Se hacen por estos días balances de los tres años de gobierno de Santos. Se colocan como aspectos “positivos” el inicio de los diálogos con las FARC, la distensión con los órganos de justicia, la ley de víctimas y de restitución de tierras, y el restablecimiento de las relaciones con los países vecinos. De resto, la mayor parte de su gestión –reforma de la Justicia, reforma tributaria, impulso de la “locomotora” minero-energética, promoción de la Alianza del Pacífico, aprobación e implementación de múltiples TLC, manejo de los conflictos sociales y otros aspectos– es calificada como “negativa”.

Intentaremos hacer un balance con un enfoque diferente. Trataremos de responder los siguientes interrogantes: ¿Cuál es el carácter de clase que ha mostrado este gobierno a lo largo de los últimos tres años? ¿Qué sectores de la oligarquía colombiana apoyan sus políticas y cuáles son sus intereses? ¿Cuáles son sus logros, desde el punto de vista de quienes apoyan al Gobierno? ¿Cuál es el devenir de quienes adversan esa política?

El “viraje” frente a los ocho años de Uribe

La burguesía transnacionalizada –sector hegemónico al interior de la oligarquía colombiana– comprendió al final del segundo gobierno de Uribe que la ansiada pacificación por la vía militar no iba a ser posible. Pudo comprobar que la estrategia desarrollada contra la insurgencia –alianzas con narcomafias y uso sistemático de paramilitares–, no sólo descomponía su precaria “democracia” sino que creaba problemas con la comunidad internacional. Además, frente al cambio táctico-estratégico de la guerrilla, ésta ya no era efectiva.

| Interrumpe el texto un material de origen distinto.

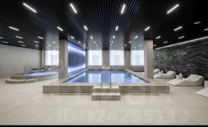 В Гранд Отеле, где находятся апартаменты, есть собственный бассейн и комплекс саун, тренажерный зал (надо только спуститься на несколько этажей), коворкинг-зона с Wi-Fi, большая терраса с ландшафтным дизайном, беседками и качелями, платная автомобильная парковка (также рядом в шаговой доступности большая бесплатная парковка развлекательного центра). В здании апарт-отеля находятся кафе и пекарня Близкие души и магазин Пятерочка.

Así mismo, se hizo evidente que los recursos comprometidos en la guerra contrainsurgente desequilibraban sus finanzas y mermaban sus ganancias. Además, la crisis económica mundial obligó al gobierno de los EEUU a recortar el nivel de ayuda financiera y militar. Pero, lo principal: la burguesía colombiana entendió que frente a la situación económica internacional se hacia necesario un viraje para garantizar condiciones óptimas para la inversión extranjera en áreas estratégicas como el sector minero-energético y la agroindustria. Por ello, antes de terminar su segundo gobierno, Uribe ya no era la ficha favorita para ejercer un nuevo período de gobierno.

Esa burguesía –con asesoría gringa– pensó y diseñó el camino de la desmovilización de la guerrilla vía diálogos y negociación. No porque sea amante de la paz y de la convivencia sino porque sus necesidades materiales la obligaban a buscar esa alternativa. Y lo hacen sobre el convencimiento de que la estrategia utilizada desde el gobierno de Pastrana –pasando por los gobiernos de Uribe– había fortalecido al Ejército, mermado las fuerzas guerrilleras, y por sobre todo, le habían quitado la bandera de la paz a la insurgencia. Según sus cálculos, la derrota política obligaba a la guerrilla a concertar el fin del conflicto.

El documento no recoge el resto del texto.